I just feel miserable about it all today and it feels like its going to ages before I lose enough weight to make me not look pregnant. :sigh:
 
Aw hun, some people dont seem to think before they speak. When I was at my heaviest someone also asked me the same thing. I used to that spur me on to lose weight. You can do this hun. xxxxxxxxxxx
 
Thanks Sarah!
I know I really should turn it around to my advantage.
For the last couple of years whilst the weight has been going on, I have just let it get worse and worse, just thinking oh I'll do something about it soon, I'll not let it go too far.

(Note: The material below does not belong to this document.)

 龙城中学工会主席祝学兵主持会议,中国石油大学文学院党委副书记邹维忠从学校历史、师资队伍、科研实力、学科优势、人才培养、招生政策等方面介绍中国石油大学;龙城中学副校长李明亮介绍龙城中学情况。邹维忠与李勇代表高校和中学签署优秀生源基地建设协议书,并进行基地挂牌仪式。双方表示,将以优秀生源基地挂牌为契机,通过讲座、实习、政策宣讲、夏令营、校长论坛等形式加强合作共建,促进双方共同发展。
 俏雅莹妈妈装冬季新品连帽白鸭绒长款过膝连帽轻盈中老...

But now after this, everytime I feel like giving up or eating something I shouldn't, I'll try to think about it and remember that there is no way I want a comment like that ever again.

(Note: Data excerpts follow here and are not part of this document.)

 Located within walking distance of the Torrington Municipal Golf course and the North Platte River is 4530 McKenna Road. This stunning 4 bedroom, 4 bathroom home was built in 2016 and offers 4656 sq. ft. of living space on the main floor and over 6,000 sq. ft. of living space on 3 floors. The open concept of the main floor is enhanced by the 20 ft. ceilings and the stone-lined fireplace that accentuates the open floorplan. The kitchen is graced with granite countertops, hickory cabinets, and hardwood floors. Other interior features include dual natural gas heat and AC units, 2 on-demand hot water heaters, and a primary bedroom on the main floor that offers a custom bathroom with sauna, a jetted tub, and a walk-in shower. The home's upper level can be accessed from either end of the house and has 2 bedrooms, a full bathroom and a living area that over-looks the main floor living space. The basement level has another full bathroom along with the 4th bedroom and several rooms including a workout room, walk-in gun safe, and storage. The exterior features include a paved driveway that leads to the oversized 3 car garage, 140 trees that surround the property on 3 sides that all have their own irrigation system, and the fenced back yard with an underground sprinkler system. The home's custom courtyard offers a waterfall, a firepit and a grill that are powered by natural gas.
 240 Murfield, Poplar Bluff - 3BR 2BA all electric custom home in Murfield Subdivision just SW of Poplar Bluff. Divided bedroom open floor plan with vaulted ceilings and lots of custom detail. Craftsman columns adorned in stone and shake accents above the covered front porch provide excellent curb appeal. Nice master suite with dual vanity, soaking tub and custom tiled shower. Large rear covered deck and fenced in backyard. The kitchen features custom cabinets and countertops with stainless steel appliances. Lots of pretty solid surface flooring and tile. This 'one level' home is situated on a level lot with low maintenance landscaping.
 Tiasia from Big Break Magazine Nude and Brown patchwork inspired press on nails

In fact as I'm typing this, I suddenly realised that maybe she has done me a favour, maybe thats now the final straw that will kick my butt into action!!

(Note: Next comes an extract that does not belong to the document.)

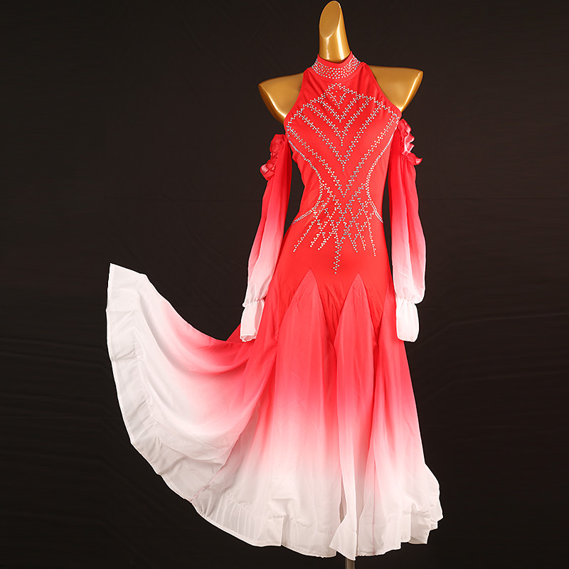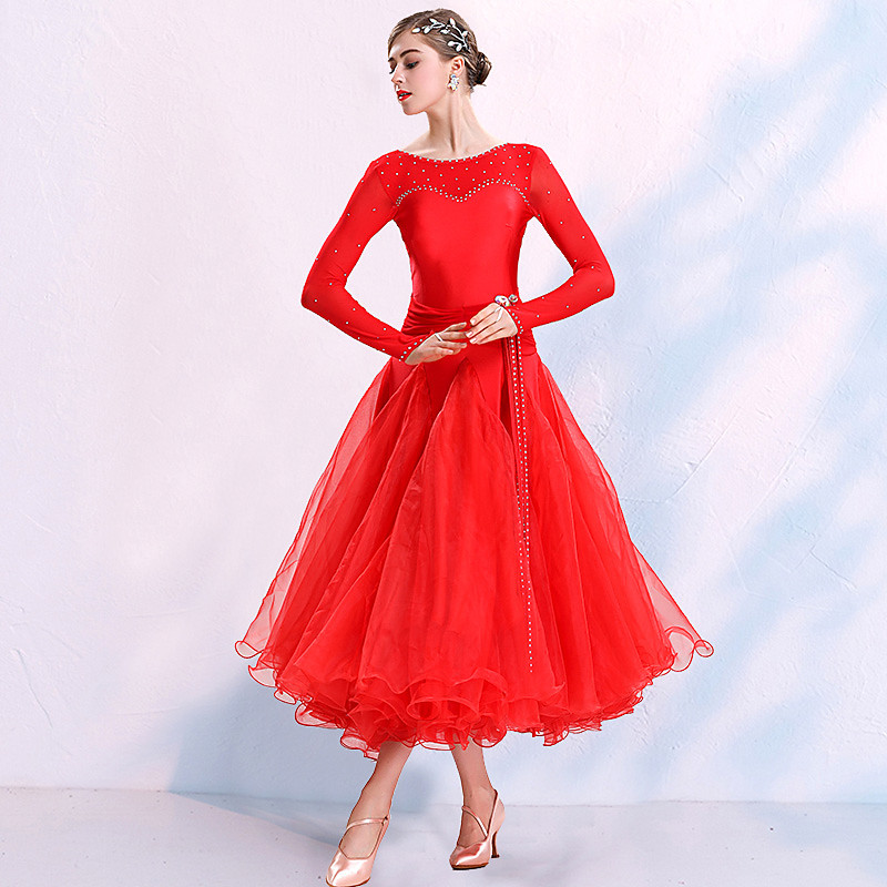 Ballroom Dance Dress Split Joint Crystals Competition Dress/ Rhinestones Women's Performance Long Sleeve Spandex
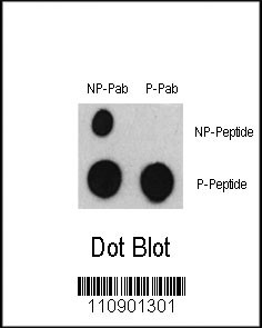 Dot blot analysis of Phospho-ATF2-S322 Antibody (Cat. APR05176G) and ATF2 Non Phospho-specific Pab on nitrocellulose membrane. 50ng of Phospho-peptide or Non Phospho-peptide per dot were adsorbed. Antibody working concentrations are 0.5ug per ml. |

I know she was apologetic and embarrassed about it, at least maybe she'll think next time before she speaks.
Thanks again x ;)
 
Good on you mate, use this to your advantage, it wont happen again. You seem like a strong person and can see the positive come out of that negative comment. I look forward to hearing about your weight loss journey hun xxxx
 
A friend of mine had a t-shirt printed with

I'm NOT pregnant, it's the engine for my love machine!"

Always made me laugh when i saw it!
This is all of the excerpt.